As humans, we're pretty good at telling the difference between a video showing dumb robots failing to climb up the stairs and a video of a group of tigers chasing a drone. But can a machine tell what's in a YouTube video?
As it turns out, a subliminal image of a pasta bowl inserted every two seconds within a video about Gorillas and the famous scientist Jane Goodall tricks Google's artificial intelligence bots into thinking the video is about spaghetti, according to a new experiment.
A group of researchers from University of Washington played around with Google's Cloud Video Intelligence API, a new tool that's still in private beta that uses machine learning to automatically recognize and label what's inside a video. By inserting random pictures at regular intervals—every two seconds—the researchers successfully tricked the tool into mislabelling videos. That way, the tool categorized a video about tigers as a video of a car because the researchers put a picture of an Audi in it, as the they explained in their paper.

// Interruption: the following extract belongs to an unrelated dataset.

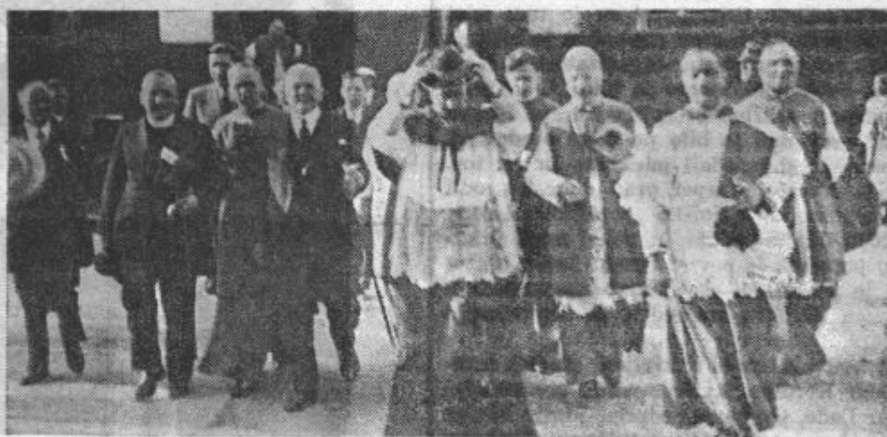
Kardinal dr. Hlond s spremstvom pri prihodu v Ljubljano

Glavne prireditve poleg drugih pobožnosti po cerkvah in Stadionu so bile nočne in podnevne procesije, katerih se je udeležilo preko 40 tisoč vernikov. Vseh udeležencev na kongresu pa sodijo, da je bilo do 100 tisoč, saj so jih dale samo podeželske tace preko 20 tisoč. Kongresa se je udeležila kr. vlada, vojska, vsi jugoslovanski školje, ban in drugi predstavniki civilnih, vojaških in cerkvenih oblasti.

"The API completely fails to correctly understand the video content," the researchers, who called their technique "image insertion attack," wrote.
Google did not respond to a request for comment in time for publication.
Every day, hundreds of hours of videos get uploaded to the internet, so a tool that automatically detects what's inside a video, labels it correctly, and annotates its content so that humans can use text search to go through it would be immensely useful. For example, it'd be much easier to go through surveillance video to find suspects, find the exact moment a certain play happened during a basketball game, or filter out videos with inappropriate content that get uploaded to YouTube or Facebook.
With their simple experiment, University of Washington researchers Baicen Xiao, Radha Poovendran and Hossein Hosseini proved that we're still far away from a future where bots are as smart as we are—at least when it comes to telling pasta and gorillas apart.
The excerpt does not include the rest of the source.